| What you should do |
Copy the lines from the start of the records below through the line containing "接着,由黄光宗总监给我们展示", both included, and leave out the pictures.

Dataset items
----------------
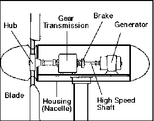 attached to a high speed shaft which turns a generator that makes electricity.
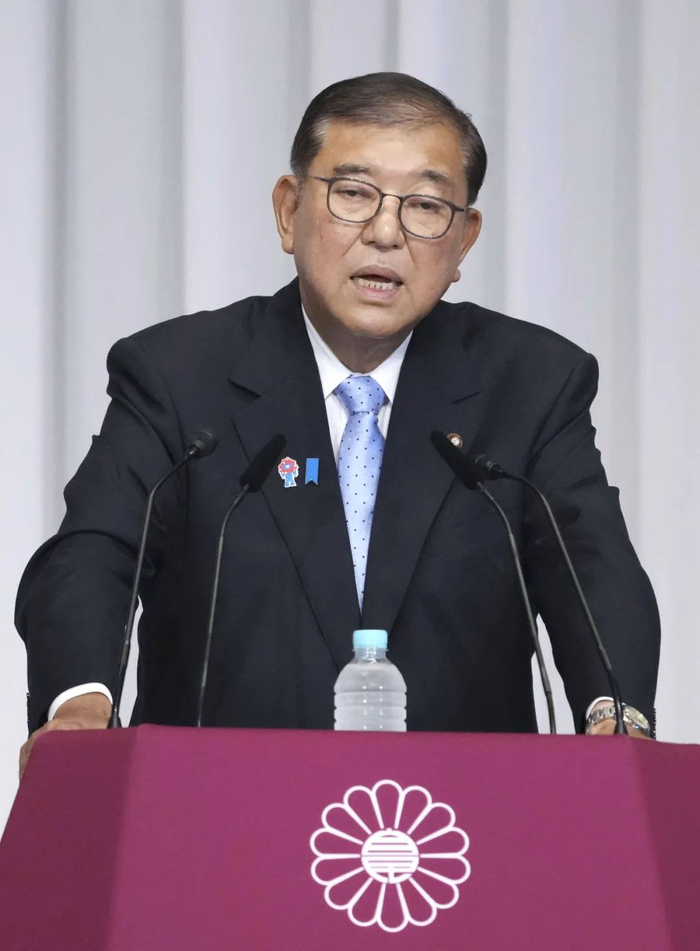 7月21日,日本首相石破茂在记者会上发言。新华社发
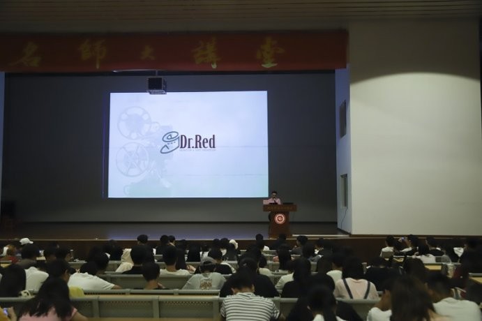 接着,由黄光宗总监给我们展示Dr.Red公司的优秀作品《小姜丝》、《油鬼》,并介绍公司的合作伙伴、领导阶层等,让同学们更加深入了解Dr.Red公司。随后,黄光宗总监向大家讲述自己在校求学时,从一个“门外汉”到动画导演的转变,使大家产生浓厚的听讲兴趣。他表示同学们既然选择了动画专业,就要风雨无阻的学习下去,有一份耕耘才会有一份收获。
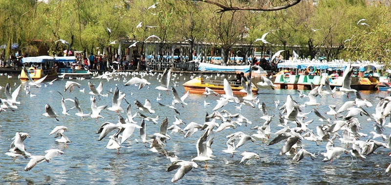 The Green Lake Park which is founded in the 7th century under the Qing dynasty, is located in the heart of Kunming. In the early morning The Green Lake Park is animated with the practices of Tai-Chi, Qigong, dances and sword-play, Mahjong and cards, and also other players of erhu fiddle, a Chinese violin with two chords.In winter, the sea gulls from Siberia come on the river banks, natural curiosity unique in the world. In summer, its green water covers with lotus. Every Sunday, the park is the most animated period where the locals come to relax with their children. You will be able to walk in the park at the beginning of morning to benefit its alleviating atmosphere or why not having a drink in a tea-house there after a day of visit?Entrance fee of THE GREEN LAKE PARK: FreeAccess: Public bus No.1 from city center, or taxi for 10-20 RMB.
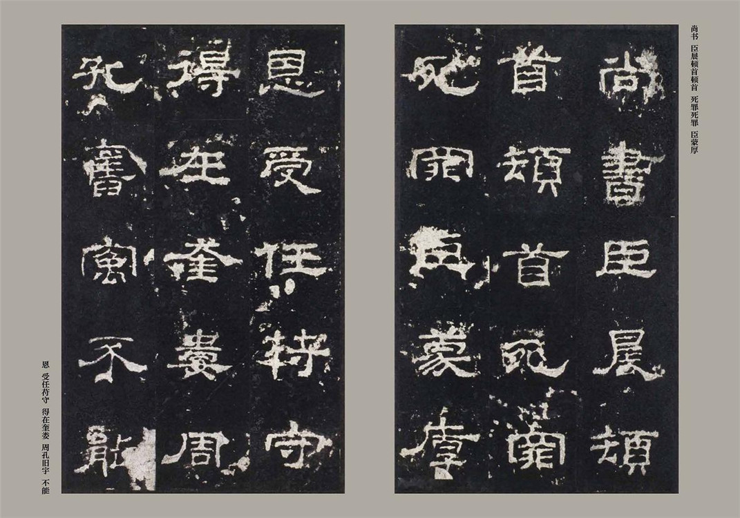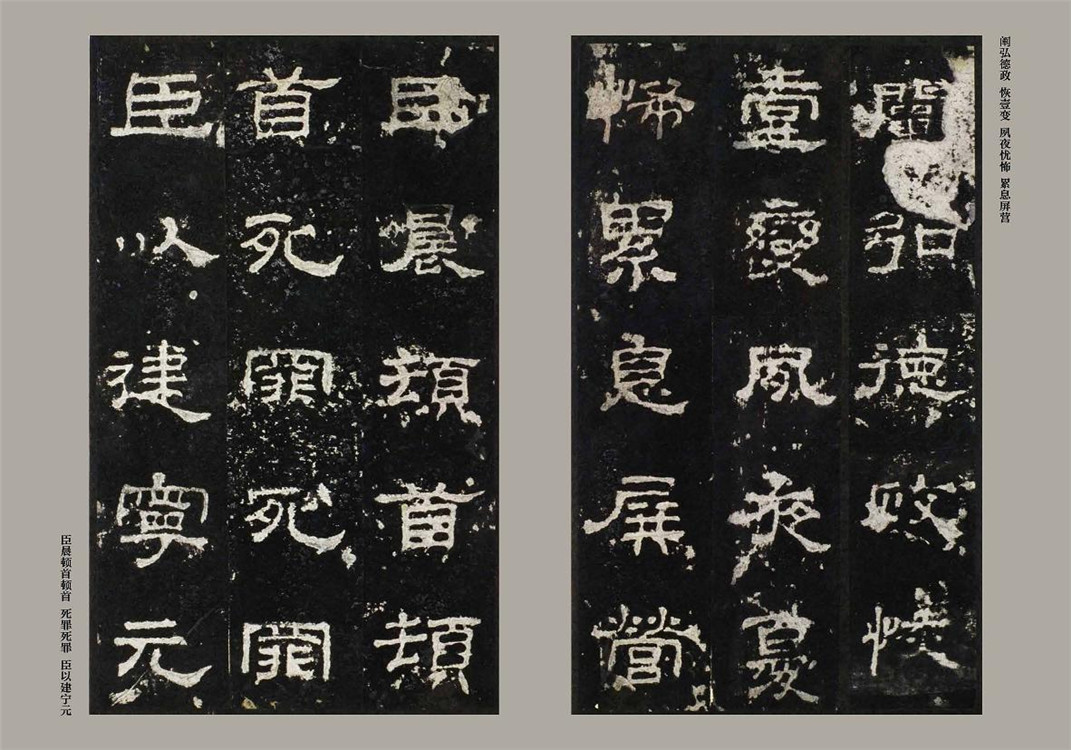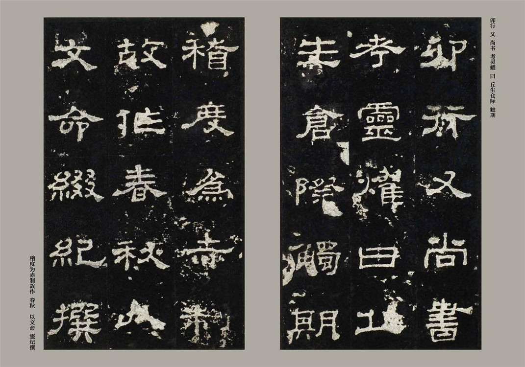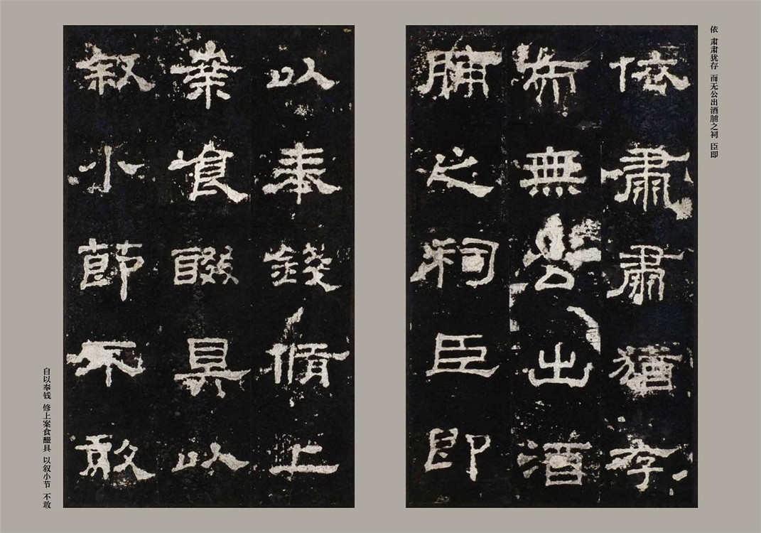 前后碑字體如出一人之手,傳為蔡邕書(shū)。結(jié)字工整精細(xì),中斂而四面拓張,波挑分明,呈
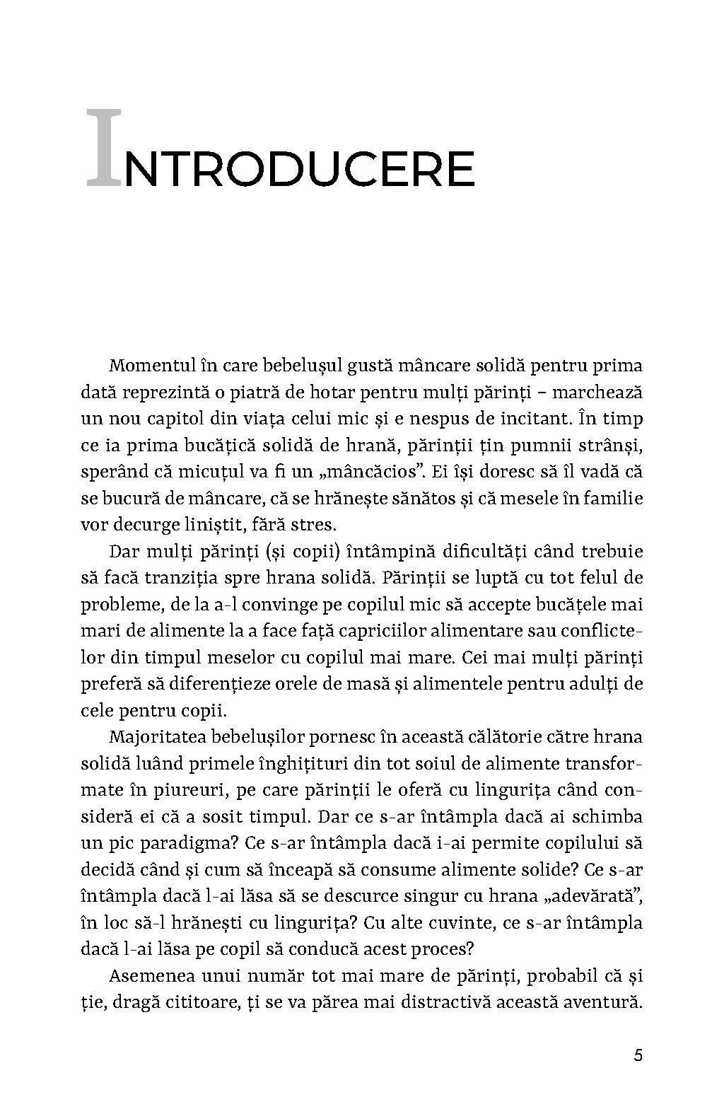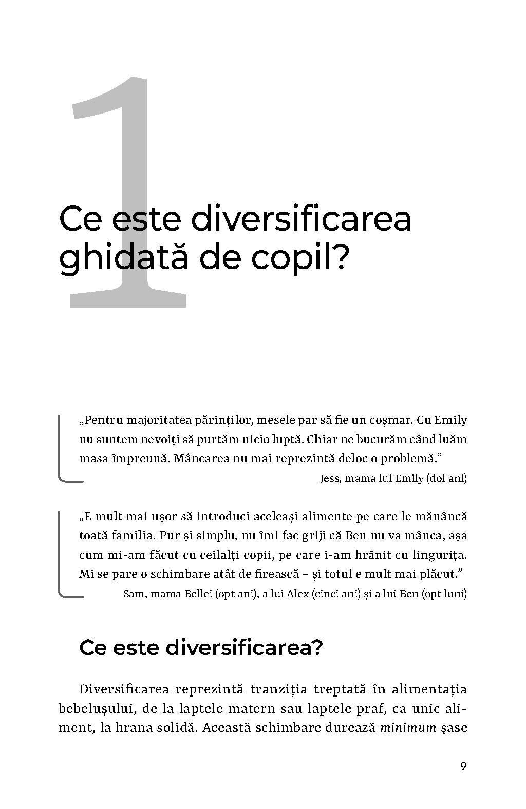 Uitați de piureuri și hrănit cu lingurița de către un adult! Lăsați copiii să aleagă alimentele dorite, preparate după indicațiile din carte, și să se hrănească singuri. Acest lucru le va cultiva independența și îi va face să se bucure de fiecare masă.
----------------
| Finished exercise |
 attached to a high speed shaft which turns a generator that makes electricity.
 7月21日,日本首相石破茂在记者会上发言。新华社发
 接着,由黄光宗总监给我们展示Dr.Red公司的优秀作品《小姜丝》、《油鬼》,并介绍公司的合作伙伴、领导阶层等,让同学们更加深入了解Dr.Red公司。随后,黄光宗总监向大家讲述自己在校求学时,从一个“门外汉”到动画导演的转变,使大家产生浓厚的听讲兴趣。他表示同学们既然选择了动画专业,就要风雨无阻的学习下去,有一份耕耘才会有一份收获。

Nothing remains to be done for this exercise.